Israeli medtech startup Pulsenmore Ltd. has announced that it received De Novo clearance from the U.S. Food and Drug Administration (FDA) for its at-home prenatal care platform, the Pulsenmore ES. This marks the first time the FDA has approved an ultrasound device for home use by expectant mothers.
The Pulsenmore ES consists of a portable ultrasound transducer that connects to a smartphone, paired with a mobile app that guides the user step by step through the scanning process. Women can perform the scan themselves or during a live video session with a physician, and the recorded ultrasound clip is securely transmitted for professional review.

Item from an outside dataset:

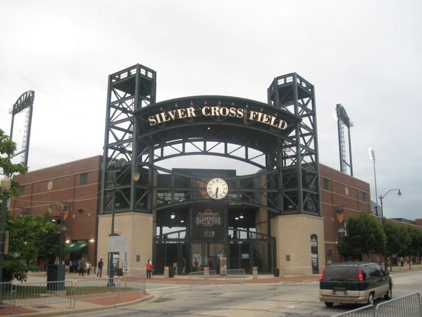 During our Midwest trip, we took a break from Chicago and headed an hour southwest of the city for a visit to Joliet and their downtown ballpark. Located along the Des Plaines River in Northern Illinois, Joliet is one of the fastest growing cities in the country with a population approaching 150,000. The former city of stone and steel has done a nice job revitalizing a now-pleasant downtown area that is at a rare crossroads of the old Lincoln Highway and Route 66. In 2002, Joliet got an independent Northern League team, the Jackhammers. After eight years in newly built Silver Cross Field, the team folded and a new Frontier League franchise called the Slammers took up residence. A few weeks after our visit, they won the championship in their inaugural season. Hopefully the Slammers are here to stay as they play in an excellent location and a great ballpark representative of the city they play for.

According to the company, the system has already been used in over 200,000 prenatal scans across Israel, Europe, Australia, and Brazil, demonstrating its readiness for broader global deployment.
Pulsenmore emphasizes that the device could revolutionize prenatal care in so-called “maternity-care deserts” — areas where there is fewer than one obstetrician-gynecologist per large population of expectant mothers. The company notes particularly high demand in 35% of U.S. counties, which lack sufficient infrastructure to provide ultrasound services in hospitals or clinics.
For the healthcare sector, the FDA’s decision represents a major regulatory milestone, paving the way for a new generation of remote and home-based diagnostic technologies. However, Pulsenmore ES is not intended to replace full clinical ultrasound examinations, and its use should be considered part of a comprehensive, physician-supervised prenatal care plan.
Experts also point out that the FDA’s decision could set a new direction for telemedicine, where advances in at-home diagnostics go hand in hand with AI-powered image analysis and interpretation. In the future, similar innovations may become standard in other medical fields — such as cardiac monitoring or neonatal care — where accessible, real-time diagnostics could prove invaluable.